I write this because I had an epiphany yesterday while answering a survey from the college I graduated from and they asked me that gender question as to whether I was a male, female, transgendered or prefer not to answer. As I sat in front of my computer I pondered little and answered that question for the first time without hesitation that I was indeed transgendered. Then I also answered the question of whether I was married, single or something else and I answered single of course, never having been married.
That question bothered me more than you would think the gender question would have. Having turned sixty this year I started thinking about who I was and where I'd been and realized I'd been pretty much alone with no desire to pursue a relationship, or have a sexual encounter with anyone these many years. The only constant in my life was the desire to dress and play the role of a woman!
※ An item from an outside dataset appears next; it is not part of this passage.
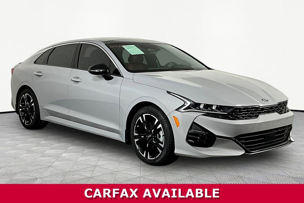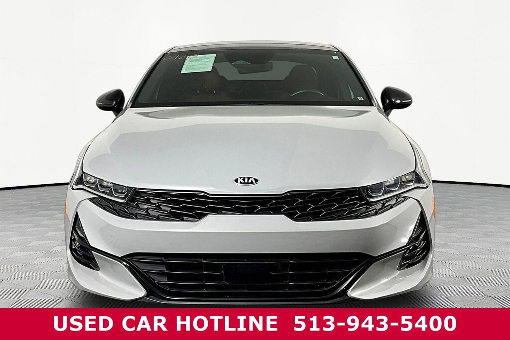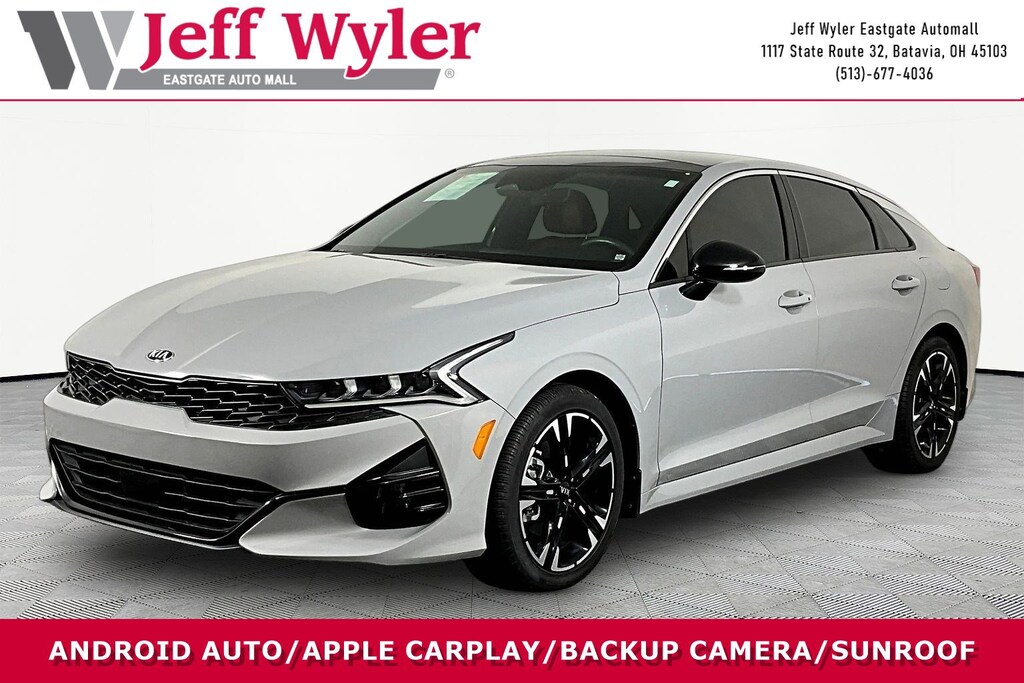 Jeff Wyler Eastgate Auto Mall is pumped up to offer this terrific-looking 2021 Kia K5 GT-Line in Wolf Gray. Well equipped with: GT-Line AWD Special Edition Package (Forward Collision Avoidance-Assist - Cyclist, Forward Collision Avoidance-Assist - Junction Turn, Gloss Black Pillar & Door Frame Cover, Highway Driving Assist, Leatherette Seat Trim, LED Interior Lighting, LED Projection Headlights, Navigation-Based Smart Cruise Control - Curve, Panoramic Sunroof, Radio: AM/FM/MP3 Audio System w/Navigation, Smart Cruise Control w/Stop & Go, and Wireless Charger), GT-Line Red Interior Package, 4-Wheel Disc Brakes, 6 Speakers, ABS brakes, Air Conditioning, Alloy wheels, AM/FM radio: SiriusXM, Apple CarPlay & Android Auto, Auto High-beam Headlights, Automatic temperature control, Brake assist, Bumpers: body-color, Carpeted Floor Mats, Cloth/Leatherette Seat Trim, Delay-off headlights, Driver door bin, Driver vanity mirror, Dual front impact airbags, Dual front side impact airbags, Electronic Stability Control, Four wheel independent suspension, Front anti-roll bar, Front Bucket Seats, Front Center Armrest, Front dual zone A/C, Front fog lights, Front reading lights, Fully automatic headlights, Heated door mirrors, Heated Front Bucket Seats, Heated front seats, Heated steering wheel, Illuminated entry, Interior Light Kit, Knee airbag, Low tire pressure warning, Occupant sensing airbag, Outside temperature display, Overhead airbag, Overhead console, Panic alarm, Passenger door bin, Passenger vanity mirror, Power door mirrors, Power driver seat, Power moonroof, Power steering, Power windows, Radio data system, Radio: AM/FM/MP3/SiriusXM Audio System, Rear anti-roll bar, Rear seat center armrest, Rear side impact airbag, Rear window defroster, Remote keyless entry, Security system, Speed control, Speed-sensing steering, Split folding rear seat, Spoiler, Sport steering wheel, Steering wheel mounted audio controls, Tachometer, Telescoping steering wheel, Tilt steering wheel, Traction control, Trip computer, Trunk Cargo Management System, Turn signal indicator mirrors, Variably intermittent wipers, and Wheels: 7.5J x 18" Graphite Machined Finish Alloy. CARFAX One-Owner. Clean CARFAX. Ask about available certifications. Used vehicles 10 years of age or newer with less than 100,000 miles are eligible for the Wyler Assurance Program, but eligible vehicles must pass our reconditioning process and multi-point inspection. Provided the vehicle passes inspection, vehicles will be eligible for the 6 month/6,000 mile limited warranty. The 6 month/6,000 mile limited warranty is NOT available on AS-IS vehicles, wholesale vehicles, lease buyback/pass-thru vehicles or un-inspected vehicles. Note that this program can also apply to vehicles where the remaining factory coverage is less than 6 months or 6,000 miles. Please check the Federal Trade Commission (FTC) Buyers guide on the vehicle for full details as to whether or not warranty coverage may apply. Contact Dealer for additional details. The Wyler Assurance 6 month/6,000 Mile limited warranty ends 6 months from the date of the Retail Purchase Agreement (BUYERS ORDER) or when the vehicle's odometer registers 6,000 additional miles to the mileage listed on the BUYERS ORDER, whichever comes first. Your Deductible - The warranty holder on your contract pays the first $100 of each covered repair.

Sure, I had my one relationship in college that I thought meant something, but soon realized that that wasn't what I desired. If the university's survey had provided me the opportunity to answer their question as to whether or not I had been enlightened or learned something they would have gotten one hell of an answer. Instead it was more like; did we do this or that for you, please check one answer.
So through the years I've found that I have enjoyed the company of my women friends with no desire to be sexually involved and the same goes for men, though I must admit that if I were to have a sexual relationship it would only be with a male as a female and for now that seems to be anything but a reality.
So here I am with only the dream of having a relationship with a man as a woman. if I transitioned and am probably seeing that as an impossibility it leaves me in an undesirable limbo, or as I like to define it as asexual and transgendered. Short of being a transexual I can only say; how I wish I was a woman.